→ TASK ITEM
Transcribe the data in full and exactly, omitting any pictures.

→ EXERCISE INPUT
|---|
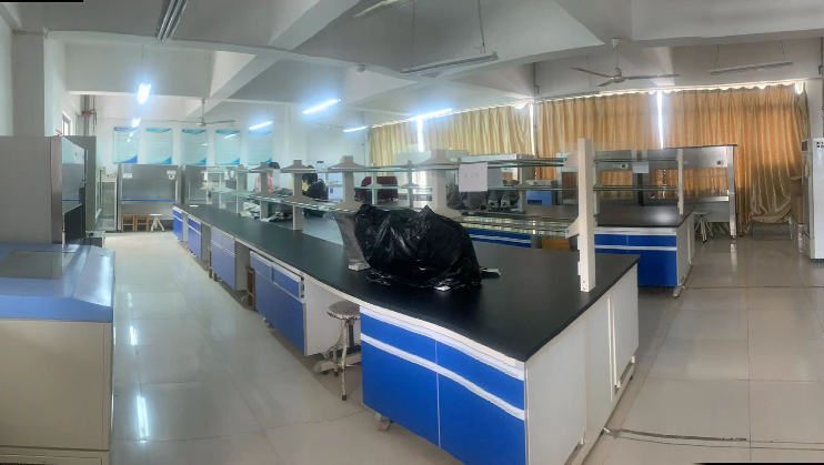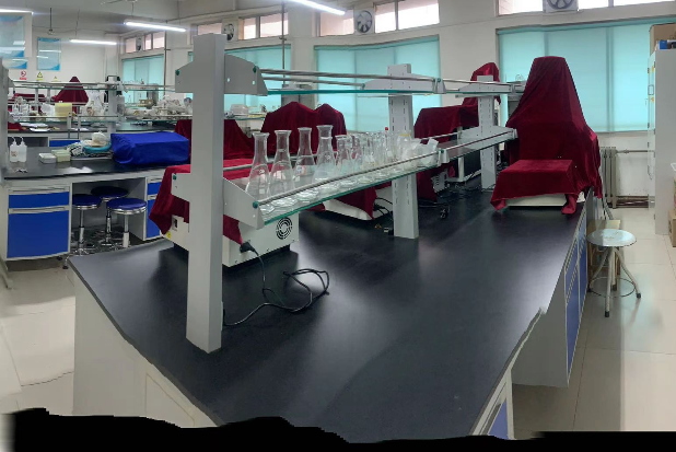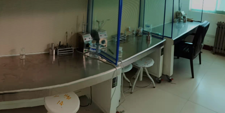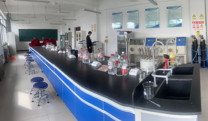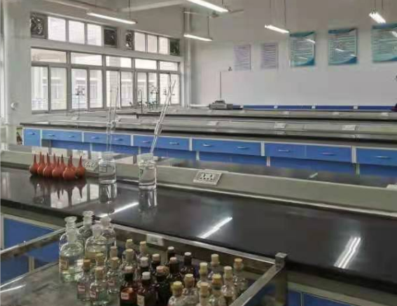 教学实验室,实验项目有: 溶解度试验;非水滴定法测定糖精钠含量;酸碱滴定法测定工业三乙醇胺含量;乙酰化法测定季戊四醇含量;邻甲基苯甲酸中邻苯二甲酸含量的测定;离子交换树脂层析分离混合氨基酸;乙酰乙酸乙酯萃取分离-邻二氮菲比色法测定铁;标准溶液的配制与标定;水的硬度的测定;硅酸盐中Fe2O3含量的测定(K2Cr2O7—无汞测铁);硅酸盐中Al2O3含量的测定(偏铝酸盐分离—EDTA滴定分析法);硅酸盐中二氧化钛的测定(过氧化氢分光光度法);钢铁中硅的测定(NaF-SnCl2还原-磷钼蓝分光光度法);钢铁中锰
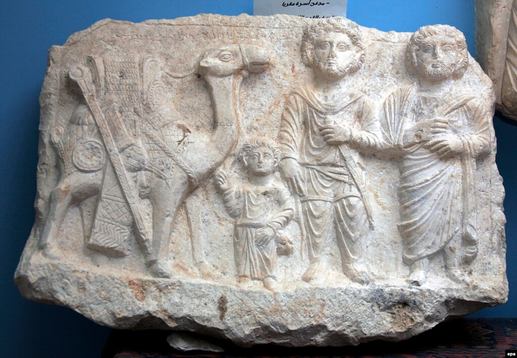 This bas-relief was also found during excavations in 2008. It depicts Palmyra merchants, a child and a camel.
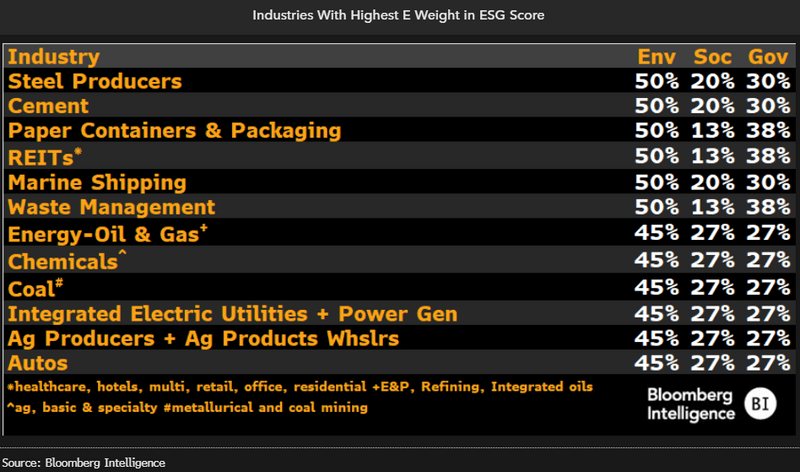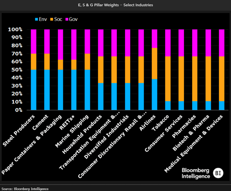 Bloomberg’s E&S scores reflect performance on industry-specific issues. Governance is treated as sector-agnostic and was assigned the same point value for all industries. E and S points were assigned based on an assessment of the timing, magnitude and probability of financial impact. Each pillar’s points were divided by the total to derive weights.
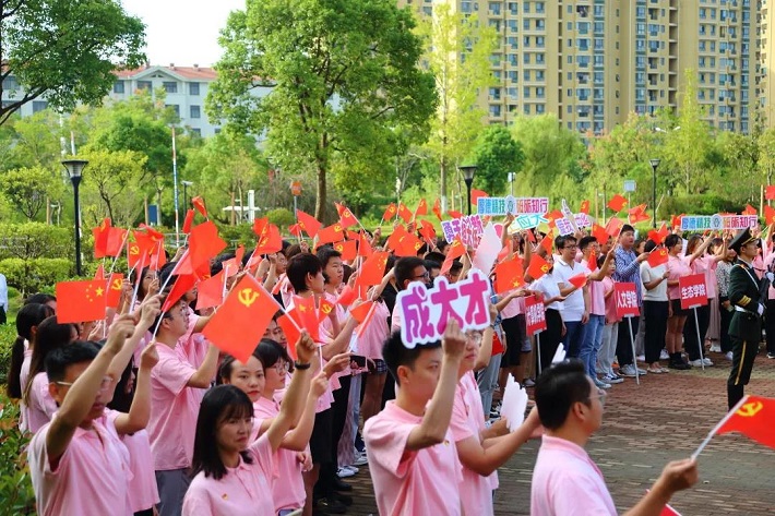 “共产党辛劳为民族,共产党他一心救中国,……没有共产党就没有新中国。”全场师生们挥舞手中的国旗,齐声高唱《没有共产党就没有新中国》,唱响爱国爱党之情、抒发报国强国之志。
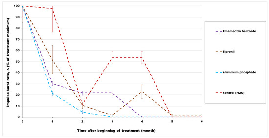The experiments were carried out in a completely randomized block design. For statistical comparisons, the rates of impulse bursts, rs, were compared with analysis of variance using SAS and the means were separated using Tukey’s test at p < 0.05 [40]. Although the experimental palms were known to be infested due to the presence of visual symptoms, the initial numbers and ages of RPW adults and larvae in each palm were unknown, and previous studies have indicated these strongly affect the mean impulse burst rate [20,26,29]. Consequently, the mean magnitude of rs in a particular treatment serves primarily as an indicator of the likelihood of continued infestation after treatment. Magnitudes of rs > 0.02/s indicate a medium or high likelihood of the presence of infestation [38]. Each tree would be considered to have an initially unknown level of infestation and might be infested by additional RPW after treatment. Successful treatment would require that the treatment provide residual control over the 6-month period of monitoring so that the measured rates of RPW impulse bursts would decrease to and remain at low likelihood of infestation.
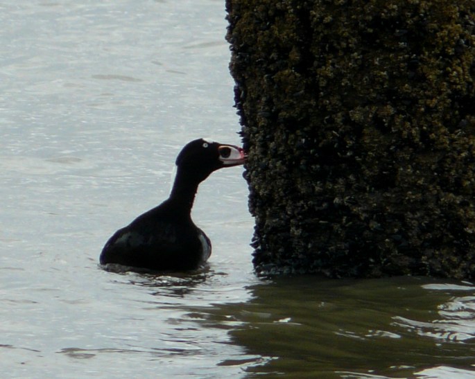 Surf Scoter April 23, 2010 by John Rakestraw, posted in species profile Surf Scoters are common winter residents along the coast. They eat mollusks, usually caught by diving. This individual was taking advantage of the low tide to find mollusks on an exposed piling. Like Loading... Related
|---|
→ OUTPUT BELOW
 教学实验室,实验项目有: 溶解度试验;非水滴定法测定糖精钠含量;酸碱滴定法测定工业三乙醇胺含量;乙酰化法测定季戊四醇含量;邻甲基苯甲酸中邻苯二甲酸含量的测定;离子交换树脂层析分离混合氨基酸;乙酰乙酸乙酯萃取分离-邻二氮菲比色法测定铁;标准溶液的配制与标定;水的硬度的测定;硅酸盐中Fe2O3含量的测定(K2Cr2O7—无汞测铁);硅酸盐中Al2O3含量的测定(偏铝酸盐分离—EDTA滴定分析法);硅酸盐中二氧化钛的测定(过氧化氢分光光度法);钢铁中硅的测定(NaF-SnCl2还原-磷钼蓝分光光度法);钢铁中锰
 This bas-relief was also found during excavations in 2008. It depicts Palmyra merchants, a child and a camel.
 Bloomberg’s E&S scores reflect performance on industry-specific issues. Governance is treated as sector-agnostic and was assigned the same point value for all industries. E and S points were assigned based on an assessment of the timing, magnitude and probability of financial impact. Each pillar’s points were divided by the total to derive weights.
 “共产党辛劳为民族,共产党他一心救中国,……没有共产党就没有新中国。”全场师生们挥舞手中的国旗,齐声高唱《没有共产党就没有新中国》,唱响爱国爱党之情、抒发报国强国之志。
The experiments were carried out in a completely randomized block design. For statistical comparisons, the rates of impulse bursts, rs, were compared with analysis of variance using SAS and the means were separated using Tukey’s test at p < 0.05 [40]. Although the experimental palms were known to be infested due to the presence of visual symptoms, the initial numbers and ages of RPW adults and larvae in each palm were unknown, and previous studies have indicated these strongly affect the mean impulse burst rate [20,26,29]. Consequently, the mean magnitude of rs in a particular treatment serves primarily as an indicator of the likelihood of continued infestation after treatment. Magnitudes of rs > 0.02/s indicate a medium or high likelihood of the presence of infestation [38]. Each tree would be considered to have an initially unknown level of infestation and might be infested by additional RPW after treatment. Successful treatment would require that the treatment provide residual control over the 6-month period of monitoring so that the measured rates of RPW impulse bursts would decrease to and remain at low likelihood of infestation.
 Surf Scoter April 23, 2010 by John Rakestraw, posted in species profile Surf Scoters are common winter residents along the coast. They eat mollusks, usually caught by diving. This individual was taking advantage of the low tide to find mollusks on an exposed piling. Like Loading... Related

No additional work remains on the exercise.